§ **YOUR OBJECTIVE**
Pictures are to be left out. Return exactly the lines below from the one with "Perlový náhrdelník z" up to and including the one with "late October |".

::: INPUT MATERIAL :::

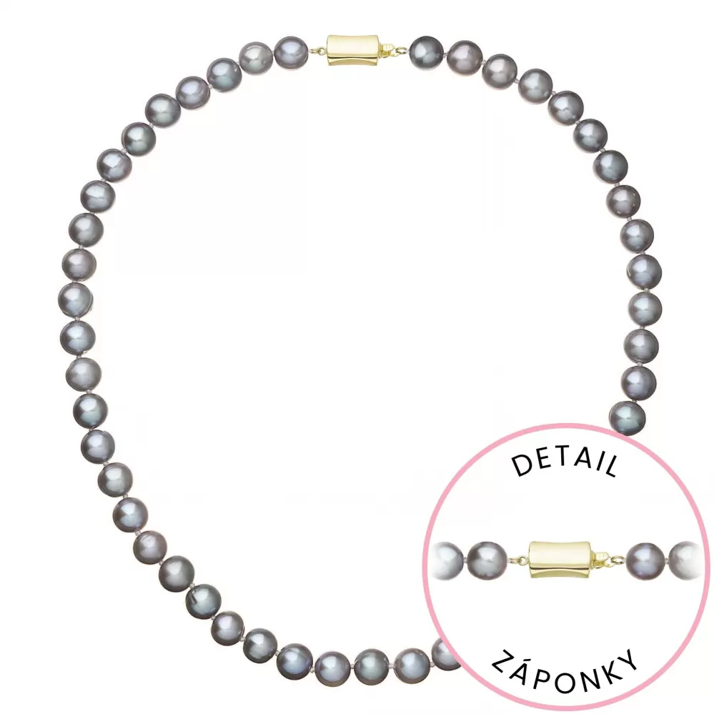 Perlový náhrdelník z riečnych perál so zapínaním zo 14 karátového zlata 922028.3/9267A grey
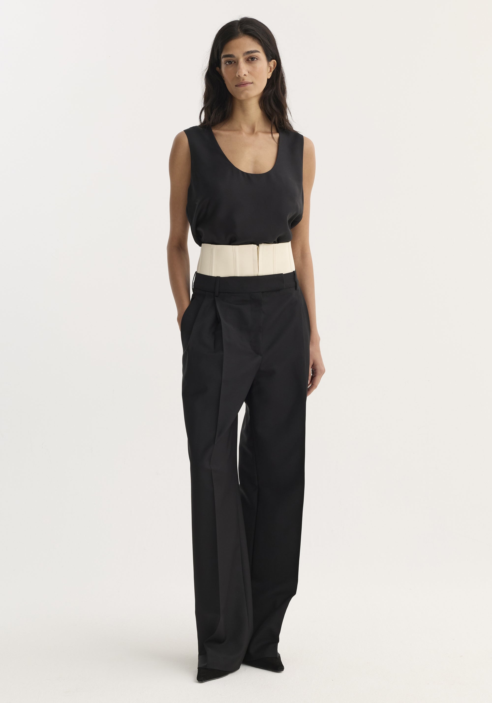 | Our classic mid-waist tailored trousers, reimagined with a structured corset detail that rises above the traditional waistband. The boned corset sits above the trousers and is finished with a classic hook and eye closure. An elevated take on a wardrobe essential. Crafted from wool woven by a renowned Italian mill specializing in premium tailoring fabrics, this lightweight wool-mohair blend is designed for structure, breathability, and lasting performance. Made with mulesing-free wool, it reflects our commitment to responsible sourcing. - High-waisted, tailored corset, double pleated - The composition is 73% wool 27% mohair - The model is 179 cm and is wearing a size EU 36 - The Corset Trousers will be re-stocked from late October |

:::
::: INPUT MATERIAL :::

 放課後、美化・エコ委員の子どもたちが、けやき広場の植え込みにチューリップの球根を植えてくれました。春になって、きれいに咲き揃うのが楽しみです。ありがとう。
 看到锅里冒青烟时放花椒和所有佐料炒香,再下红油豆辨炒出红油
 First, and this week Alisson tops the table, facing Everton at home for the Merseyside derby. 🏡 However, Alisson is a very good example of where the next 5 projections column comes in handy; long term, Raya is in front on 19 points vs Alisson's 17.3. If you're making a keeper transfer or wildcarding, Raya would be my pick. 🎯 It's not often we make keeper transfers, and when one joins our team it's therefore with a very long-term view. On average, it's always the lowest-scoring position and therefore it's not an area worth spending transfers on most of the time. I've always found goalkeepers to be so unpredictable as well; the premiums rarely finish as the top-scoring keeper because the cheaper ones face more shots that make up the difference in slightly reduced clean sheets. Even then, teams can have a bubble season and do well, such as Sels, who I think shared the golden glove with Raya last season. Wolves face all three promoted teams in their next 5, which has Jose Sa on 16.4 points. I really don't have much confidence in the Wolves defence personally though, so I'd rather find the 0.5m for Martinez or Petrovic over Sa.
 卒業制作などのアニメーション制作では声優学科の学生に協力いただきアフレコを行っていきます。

:::

§ **SOLUTION FOR THIS EXERCISE**
 Perlový náhrdelník z riečnych perál so zapínaním zo 14 karátového zlata 922028.3/9267A grey
 | Our classic mid-waist tailored trousers, reimagined with a structured corset detail that rises above the traditional waistband. The boned corset sits above the trousers and is finished with a classic hook and eye closure. An elevated take on a wardrobe essential. Crafted from wool woven by a renowned Italian mill specializing in premium tailoring fabrics, this lightweight wool-mohair blend is designed for structure, breathability, and lasting performance. Made with mulesing-free wool, it reflects our commitment to responsible sourcing. - High-waisted, tailored corset, double pleated - The composition is 73% wool 27% mohair - The model is 179 cm and is wearing a size EU 36 - The Corset Trousers will be re-stocked from late October |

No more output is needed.